海面からそそり立つ、完璧な円錐形の開聞岳

 開聞岳が日本百名山に選ばれた理由。それは、ほかに類を見ない完璧な円錐形と、全身を海中に乗り出したような美しい山容にある。海面から突然そそり立つピラミッド型のシルエットは圧巻。

 その強烈な個性から、開聞岳は「名山としてあげるのに私は躊躇しない」と深田久弥に評され、日本百名山に選ばれた。

■螺旋状の個性的な登山道

個性的な螺旋状の登山道
頂上直下のハシゴ

 開聞岳は登山道も個性的だ。螺旋状にぐるぐると回りながら頂上を目指す。

 富士山などの円錐形火山によくある、放射谷(谷と尾根が交互に出現する地形)がほとんどないため、このような螺旋状の登山道が可能となっている。

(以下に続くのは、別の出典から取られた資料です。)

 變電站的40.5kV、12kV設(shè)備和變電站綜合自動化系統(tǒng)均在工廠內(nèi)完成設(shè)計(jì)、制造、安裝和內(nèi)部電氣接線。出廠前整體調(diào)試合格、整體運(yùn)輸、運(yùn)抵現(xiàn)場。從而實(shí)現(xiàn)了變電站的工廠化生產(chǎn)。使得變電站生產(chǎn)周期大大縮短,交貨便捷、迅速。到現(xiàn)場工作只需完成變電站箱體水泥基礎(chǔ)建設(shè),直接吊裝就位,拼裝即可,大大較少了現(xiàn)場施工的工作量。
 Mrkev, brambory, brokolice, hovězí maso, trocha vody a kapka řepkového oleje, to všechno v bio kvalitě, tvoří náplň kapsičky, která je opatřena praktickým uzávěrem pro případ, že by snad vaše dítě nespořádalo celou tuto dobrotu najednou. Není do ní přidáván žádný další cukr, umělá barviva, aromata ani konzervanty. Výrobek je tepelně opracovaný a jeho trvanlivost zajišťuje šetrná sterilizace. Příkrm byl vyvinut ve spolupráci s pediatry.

 開聞岳登山は、二合目登山口から往復で約5時間半から6時間程度を要する。

 二合目登山口から五合目くらいまでは1時間程度。砂地が続き、滑りやすく、足を取られることがあるので注意が必要だ。見晴らしのよい場所はほとんどない。五合目の展望所からは、池田湖や桜島を望むことができる。五合目から七合目までは35分程度。七合目を過ぎたあたりから、岩場のごつごつした登山道に変化していくが、海側の景色を望むことができ、絶景を楽しむことができる。七合目から九合目までは35分程度だ。

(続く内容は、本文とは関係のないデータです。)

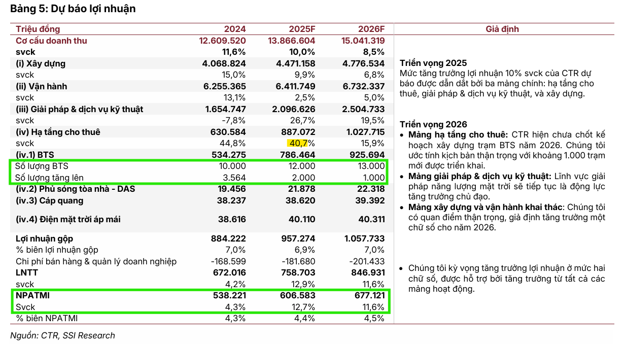 SSI dự báo lợi nhuận sau thuế của cổ đông công ty mẹ (NPATMI) của CTR sẽ duy trì đà tăng trưởng ổn định 12-13% trong giai đoạn 2025-2026, lần lượt đạt 606 tỷ và 677 tỷ đồng. Động lực tăng trưởng này sẽ đến từ việc tiếp tục mở rộng mạng lưới BTS (dự kiến tăng thêm 2,000 trạm năng 2025 và 1,000 trạm năm 2026) và sự đóng góp ngày càng lớn của mảng năng lượng mặt trời.

 九合目のハシゴを上り、20分ほどかけて狭い岩場を抜けると山頂に到着する。開聞岳は、全体的にバリエーションに富んだ登山道となっている。

■登山道から展望できる四方の海

登山道からの絶景
溶岩で構成された神秘的な仙人洞

 海に突き出た半島の先に位置している開聞岳の螺旋状の登山道は、道中で四方の海を見下ろす絶景を楽しむことができる。

 その点は体力が必要な山ではあるが、素晴らしい眺望のおかげで乗り切ることができたという登山者は多いだろう。

 また、頂上近くには「仙人洞(せんにんどう)」と呼ばれる洞窟があり、山伏たちの修行の場として使われていたとのこと。